What you are asked to do:
Write every entry out again exactly, please, and skip the pictures.

Supplied data:
*-*-*

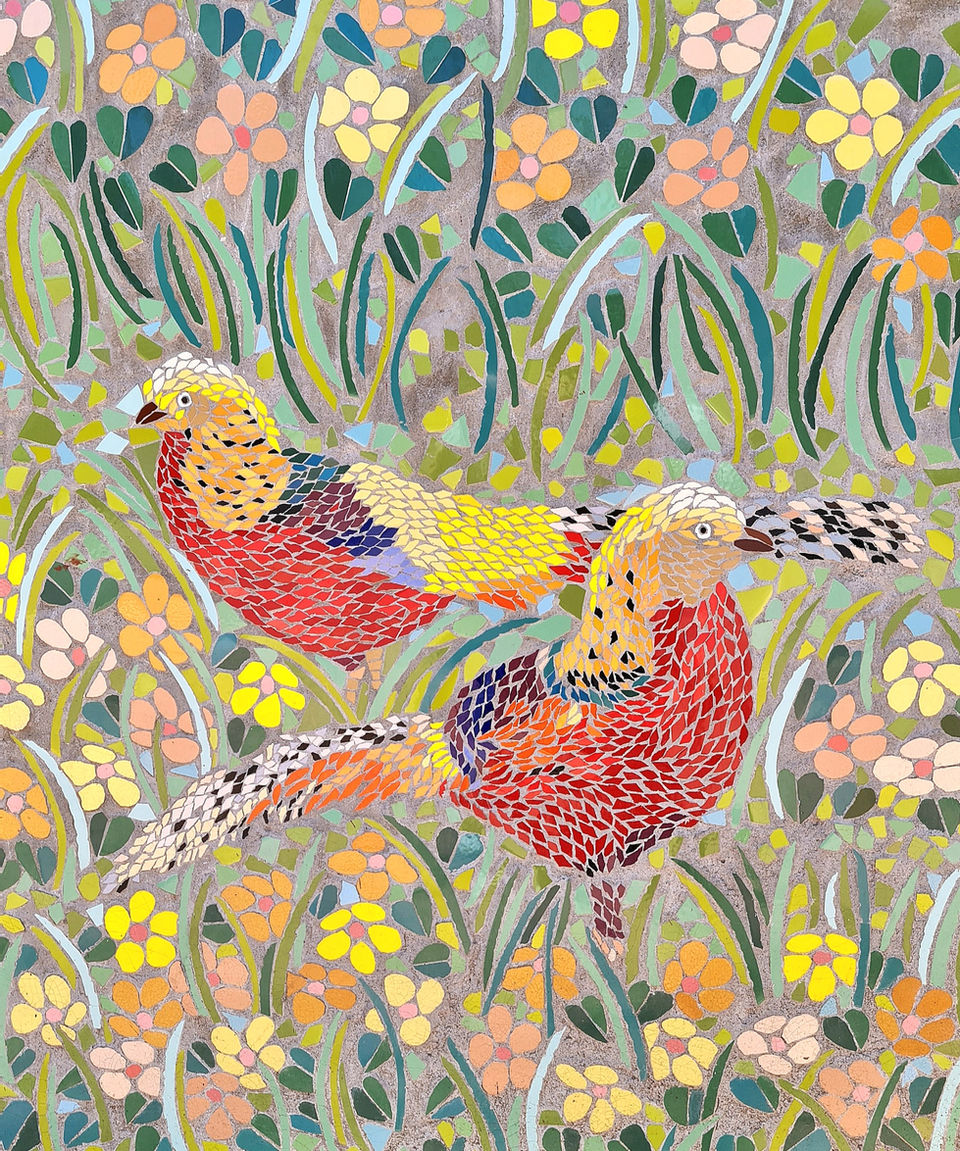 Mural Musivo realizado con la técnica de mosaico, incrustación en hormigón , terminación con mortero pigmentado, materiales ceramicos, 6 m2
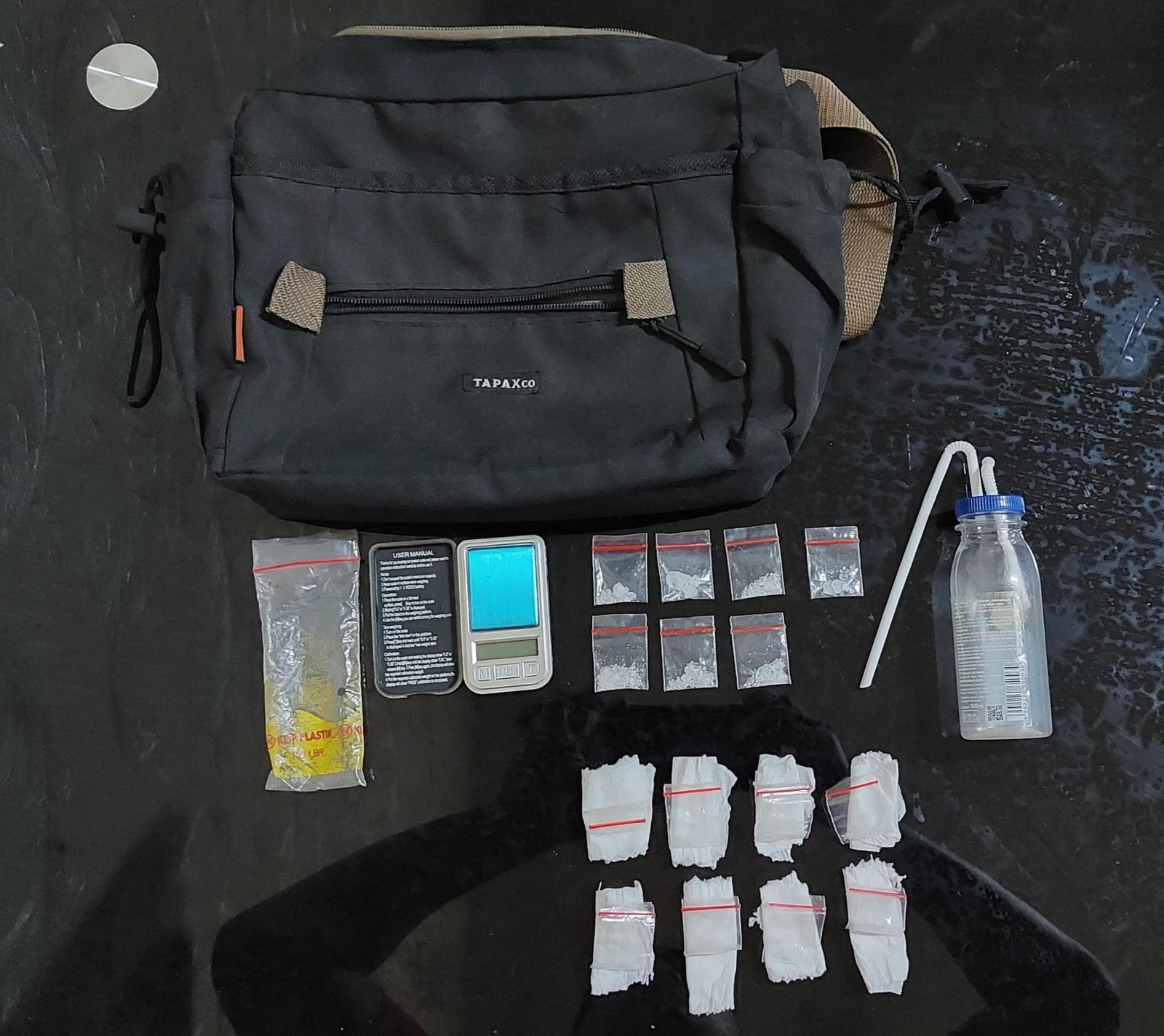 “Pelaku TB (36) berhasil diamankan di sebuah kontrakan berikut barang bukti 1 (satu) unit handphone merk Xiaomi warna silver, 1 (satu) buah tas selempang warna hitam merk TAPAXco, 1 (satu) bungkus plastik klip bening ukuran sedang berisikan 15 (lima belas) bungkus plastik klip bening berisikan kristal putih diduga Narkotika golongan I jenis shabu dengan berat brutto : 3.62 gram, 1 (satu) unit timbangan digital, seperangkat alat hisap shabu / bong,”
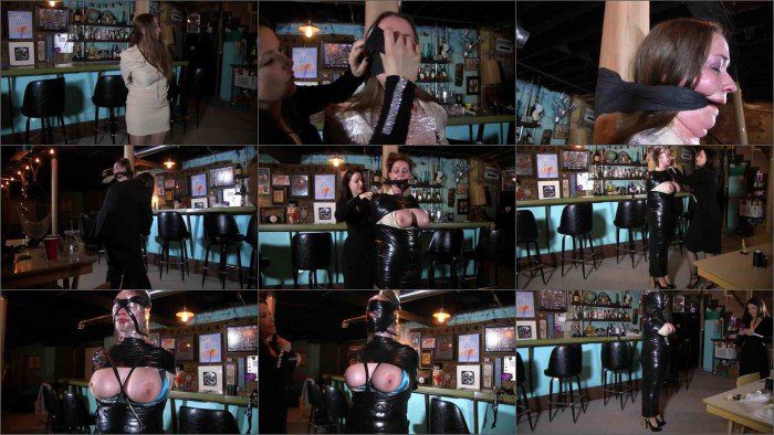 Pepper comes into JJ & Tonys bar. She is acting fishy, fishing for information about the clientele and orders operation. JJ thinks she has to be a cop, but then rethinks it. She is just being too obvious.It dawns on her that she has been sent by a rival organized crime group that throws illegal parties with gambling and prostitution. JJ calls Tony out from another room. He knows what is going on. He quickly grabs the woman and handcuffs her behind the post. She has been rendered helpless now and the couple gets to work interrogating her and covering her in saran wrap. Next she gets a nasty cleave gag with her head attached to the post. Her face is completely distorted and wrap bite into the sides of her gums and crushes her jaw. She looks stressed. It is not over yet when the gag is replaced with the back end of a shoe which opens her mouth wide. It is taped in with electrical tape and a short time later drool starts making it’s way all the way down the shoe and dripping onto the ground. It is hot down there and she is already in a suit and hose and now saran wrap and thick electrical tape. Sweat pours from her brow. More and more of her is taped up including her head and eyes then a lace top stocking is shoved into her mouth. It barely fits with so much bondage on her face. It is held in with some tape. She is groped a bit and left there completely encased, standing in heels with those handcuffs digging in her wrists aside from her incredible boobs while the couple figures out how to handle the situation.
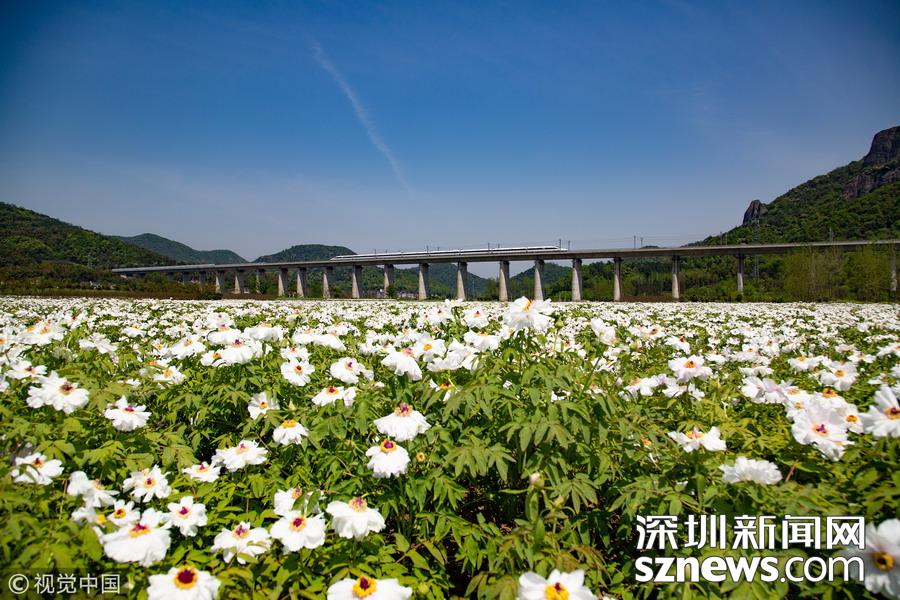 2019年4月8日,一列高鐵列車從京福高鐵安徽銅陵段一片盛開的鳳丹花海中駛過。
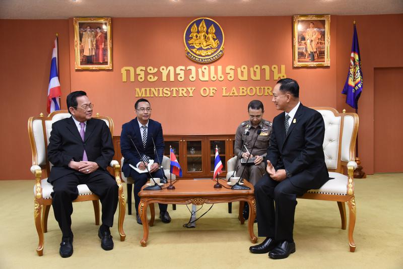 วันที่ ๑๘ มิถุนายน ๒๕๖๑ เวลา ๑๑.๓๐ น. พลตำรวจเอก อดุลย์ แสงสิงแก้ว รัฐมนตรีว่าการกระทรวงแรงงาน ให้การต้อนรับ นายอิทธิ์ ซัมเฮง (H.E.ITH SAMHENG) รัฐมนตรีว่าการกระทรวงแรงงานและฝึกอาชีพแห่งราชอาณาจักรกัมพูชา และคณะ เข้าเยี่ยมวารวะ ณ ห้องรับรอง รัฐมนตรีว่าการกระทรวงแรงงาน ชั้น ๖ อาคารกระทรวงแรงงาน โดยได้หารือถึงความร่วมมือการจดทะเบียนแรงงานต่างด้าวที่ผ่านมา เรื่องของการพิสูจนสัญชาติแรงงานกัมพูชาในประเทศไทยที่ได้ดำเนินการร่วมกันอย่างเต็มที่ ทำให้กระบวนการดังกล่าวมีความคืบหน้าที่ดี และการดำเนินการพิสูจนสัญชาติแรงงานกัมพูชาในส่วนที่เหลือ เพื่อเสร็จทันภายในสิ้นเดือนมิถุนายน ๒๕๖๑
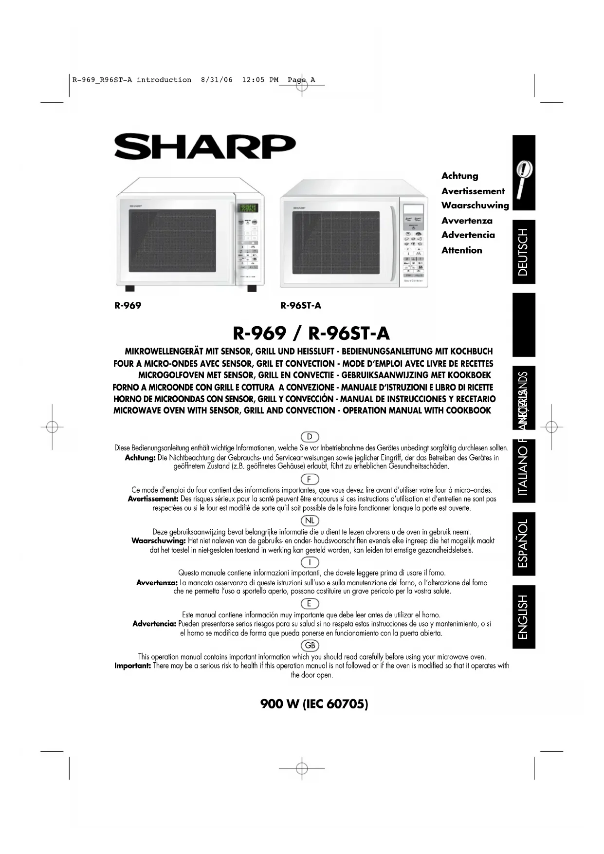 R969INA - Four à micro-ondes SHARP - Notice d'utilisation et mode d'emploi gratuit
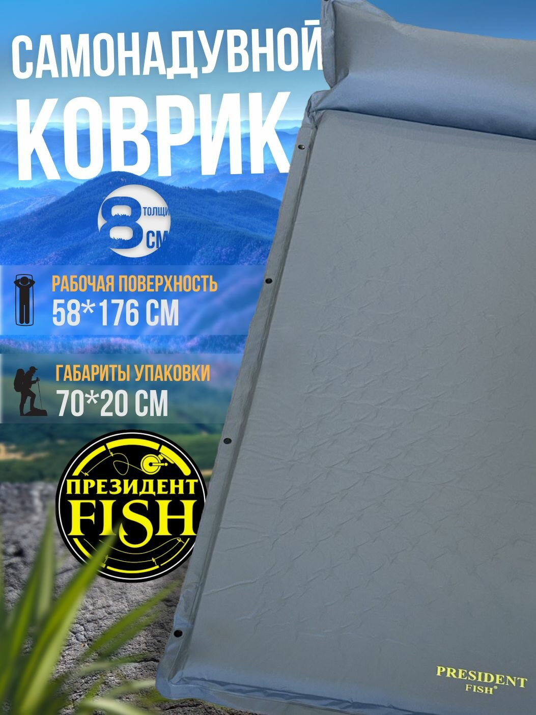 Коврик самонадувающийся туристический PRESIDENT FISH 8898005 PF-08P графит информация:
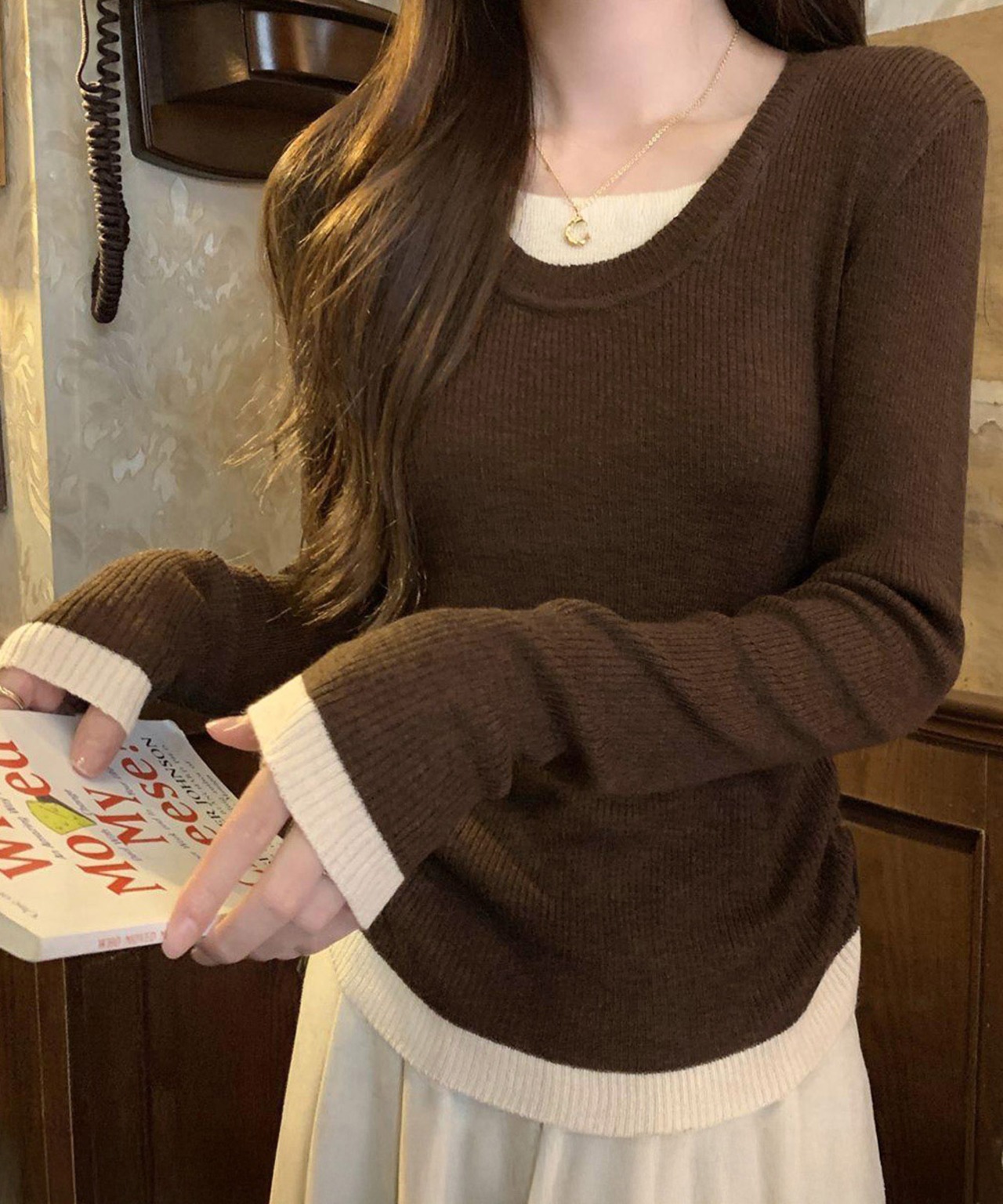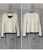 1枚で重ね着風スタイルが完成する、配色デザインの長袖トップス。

*-*-*

Task output:
 Mural Musivo realizado con la técnica de mosaico, incrustación en hormigón , terminación con mortero pigmentado, materiales ceramicos, 6 m2
 “Pelaku TB (36) berhasil diamankan di sebuah kontrakan berikut barang bukti 1 (satu) unit handphone merk Xiaomi warna silver, 1 (satu) buah tas selempang warna hitam merk TAPAXco, 1 (satu) bungkus plastik klip bening ukuran sedang berisikan 15 (lima belas) bungkus plastik klip bening berisikan kristal putih diduga Narkotika golongan I jenis shabu dengan berat brutto : 3.62 gram, 1 (satu) unit timbangan digital, seperangkat alat hisap shabu / bong,”
 Pepper comes into JJ & Tonys bar. She is acting fishy, fishing for information about the clientele and orders operation. JJ thinks she has to be a cop, but then rethinks it. She is just being too obvious.It dawns on her that she has been sent by a rival organized crime group that throws illegal parties with gambling and prostitution. JJ calls Tony out from another room. He knows what is going on. He quickly grabs the woman and handcuffs her behind the post. She has been rendered helpless now and the couple gets to work interrogating her and covering her in saran wrap. Next she gets a nasty cleave gag with her head attached to the post. Her face is completely distorted and wrap bite into the sides of her gums and crushes her jaw. She looks stressed. It is not over yet when the gag is replaced with the back end of a shoe which opens her mouth wide. It is taped in with electrical tape and a short time later drool starts making it’s way all the way down the shoe and dripping onto the ground. It is hot down there and she is already in a suit and hose and now saran wrap and thick electrical tape. Sweat pours from her brow. More and more of her is taped up including her head and eyes then a lace top stocking is shoved into her mouth. It barely fits with so much bondage on her face. It is held in with some tape. She is groped a bit and left there completely encased, standing in heels with those handcuffs digging in her wrists aside from her incredible boobs while the couple figures out how to handle the situation.
 2019年4月8日,一列高鐵列車從京福高鐵安徽銅陵段一片盛開的鳳丹花海中駛過。
 วันที่ ๑๘ มิถุนายน ๒๕๖๑ เวลา ๑๑.๓๐ น. พลตำรวจเอก อดุลย์ แสงสิงแก้ว รัฐมนตรีว่าการกระทรวงแรงงาน ให้การต้อนรับ นายอิทธิ์ ซัมเฮง (H.E.ITH SAMHENG) รัฐมนตรีว่าการกระทรวงแรงงานและฝึกอาชีพแห่งราชอาณาจักรกัมพูชา และคณะ เข้าเยี่ยมวารวะ ณ ห้องรับรอง รัฐมนตรีว่าการกระทรวงแรงงาน ชั้น ๖ อาคารกระทรวงแรงงาน โดยได้หารือถึงความร่วมมือการจดทะเบียนแรงงานต่างด้าวที่ผ่านมา เรื่องของการพิสูจนสัญชาติแรงงานกัมพูชาในประเทศไทยที่ได้ดำเนินการร่วมกันอย่างเต็มที่ ทำให้กระบวนการดังกล่าวมีความคืบหน้าที่ดี และการดำเนินการพิสูจนสัญชาติแรงงานกัมพูชาในส่วนที่เหลือ เพื่อเสร็จทันภายในสิ้นเดือนมิถุนายน ๒๕๖๑
 R969INA - Four à micro-ondes SHARP - Notice d'utilisation et mode d'emploi gratuit
 Коврик самонадувающийся туристический PRESIDENT FISH 8898005 PF-08P графит информация:
 1枚で重ね着風スタイルが完成する、配色デザインの長袖トップス。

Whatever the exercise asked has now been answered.